The data of the RP analysis showed a lower mean number of bleeding/spotting days in the NOMAC/E2 group compared with the DRSP/EE group across the reference periods (Figure 2). For NOMAC/E2 the number of bleeding-spotting days per reference period declined from 14.9 during RP1 to 10.6 during RP4, while for DRSP/EE the numbers remained the same over time, i.e., 18.5 (RP1) and 19.2 (RP4). The difference between the two treatments increased with time to about 8.6 days per reference period at RP4, and was largely caused by an excess of bleeding days with DRSP/EE as compared to NOMAC/E2 (12.4 vs. 4.4 days in RP4). According to the definitions of the reference period analysis, the incidence of amenorrhoea, i.e., no bleeding-spotting at all over a consecutive period of 91 days, increased from 8.1% in RP2 to 13.4% in RP4 for NOMAC/E2 users; amenorrhoea was almost absent among users of DRSP/EE (1.1% in RP4).

Figure 2. Mean number of bleeding-spotting days per 91-day reference periods for (A) NOMAC/E2 and (B) DRSP/EE. NOMAC, nomegestrol acetate; E2, oestradiol; EE, ethinylestradiol; DRSP, drospirenone.

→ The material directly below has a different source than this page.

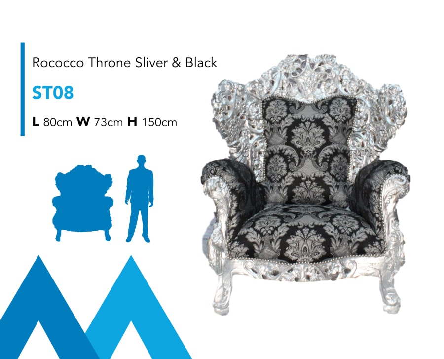 Description: This Rococo is fantastically tacky... perfect when you need a real statement. This chair has a silver frame with black and silver upholstery. Exclusively available in Ireland through EventBase. This unit is a fantastic photo opportunity and perfect for any Santa's Grotto. We have a huge range of Christmas event props available for hire. Including life-size reindeers, snowmen, santa's throne, sleighs & lots more... Contact us for further information. Long and short-term hire available. Check out our other items which may be added to this item in order to create a unique Santa's Grotto. Full Event Hire & Grotto Packages available including; Grotto, Lighting, Santa's Throne, Props, Carpet, Christmas Trees, Decorations etc... Grotto Management including Staff & Gifts also available.

In the cycle analysis breakthrough bleeding/spotting was found to progressively decrease in both groups over the course of the trial. The respective incidences for NOMAC/E2 and DRSP/EE (Cycles 4–13) were similar and ranged from 20% to 14% and from 17% to 11%, respectively, and occasionally reached statistical significance between treatments (Figure 3A). For women with breakthrough bleeding/spotting, the median number of days per cycle was similar between treatment arms (2–3 days in the NOMAC/E2 group and 1–4 days in the DRSP/EE group) (Figure 3B). In both treatment groups, the majority (> 75%) of breakthrough bleeding/spotting episodes consisted of spotting only.

Figure 3. (A) Incidences (%) and (B) duration (median number of days) of breakthrough bleeding-spotting for NOMAC/E2 (grey bars) and DRSP/EE (black bars). The incidences were compared statistically between the treatment groups. *p < 0.05 vs. DRSP/EE. NOMAC, nomegestrol acetate; E2, oestradiol; EE, ethinylestradiol; DRSP, drospirenone.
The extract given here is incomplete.